* Exercise *
Exactly the lines below from the one with "The Orlimar Mach" up to and including the one with "6x carcasă a conectorului masculin, 6x" make up the answer, with nothing else added.

* Exercise inputs *
################
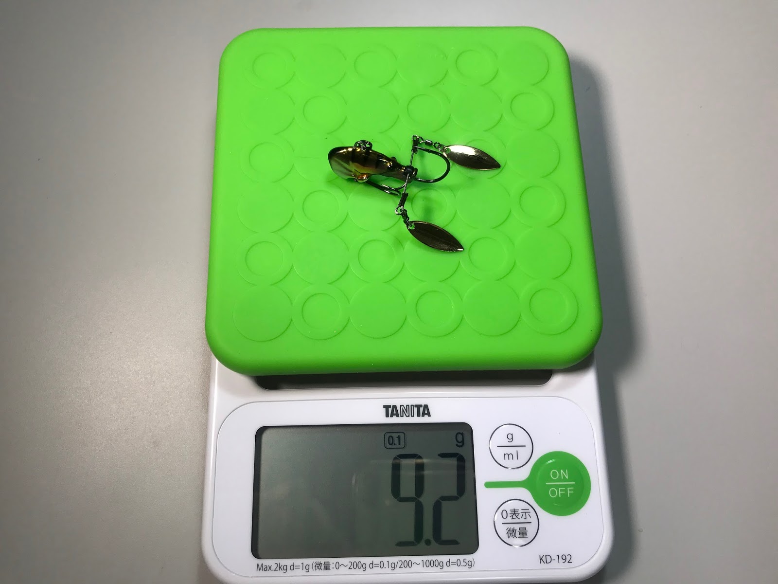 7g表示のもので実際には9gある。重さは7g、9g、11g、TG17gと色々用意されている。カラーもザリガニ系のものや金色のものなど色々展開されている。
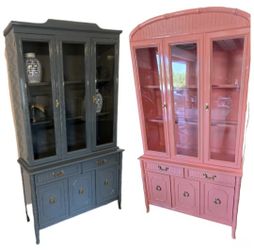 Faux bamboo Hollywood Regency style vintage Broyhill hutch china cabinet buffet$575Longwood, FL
################
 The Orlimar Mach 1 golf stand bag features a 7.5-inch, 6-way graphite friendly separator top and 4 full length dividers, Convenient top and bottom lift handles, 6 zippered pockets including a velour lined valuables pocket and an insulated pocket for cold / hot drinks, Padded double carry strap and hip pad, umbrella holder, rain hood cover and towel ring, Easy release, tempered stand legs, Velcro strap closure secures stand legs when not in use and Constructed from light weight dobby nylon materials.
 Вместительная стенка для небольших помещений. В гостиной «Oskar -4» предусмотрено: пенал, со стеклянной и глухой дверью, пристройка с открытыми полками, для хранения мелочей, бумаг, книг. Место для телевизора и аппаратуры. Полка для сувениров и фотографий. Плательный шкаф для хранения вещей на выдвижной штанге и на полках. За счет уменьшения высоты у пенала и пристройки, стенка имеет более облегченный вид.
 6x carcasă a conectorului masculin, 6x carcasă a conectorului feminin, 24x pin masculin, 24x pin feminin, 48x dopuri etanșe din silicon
################
* Finished task *
 The Orlimar Mach 1 golf stand bag features a 7.5-inch, 6-way graphite friendly separator top and 4 full length dividers, Convenient top and bottom lift handles, 6 zippered pockets including a velour lined valuables pocket and an insulated pocket for cold / hot drinks, Padded double carry strap and hip pad, umbrella holder, rain hood cover and towel ring, Easy release, tempered stand legs, Velcro strap closure secures stand legs when not in use and Constructed from light weight dobby nylon materials.
 Вместительная стенка для небольших помещений. В гостиной «Oskar -4» предусмотрено: пенал, со стеклянной и глухой дверью, пристройка с открытыми полками, для хранения мелочей, бумаг, книг. Место для телевизора и аппаратуры. Полка для сувениров и фотографий. Плательный шкаф для хранения вещей на выдвижной штанге и на полках. За счет уменьшения высоты у пенала и пристройки, стенка имеет более облегченный вид.
 6x carcasă a conectorului masculin, 6x carcasă a conectorului feminin, 24x pin masculin, 24x pin feminin, 48x dopuri etanșe din silicon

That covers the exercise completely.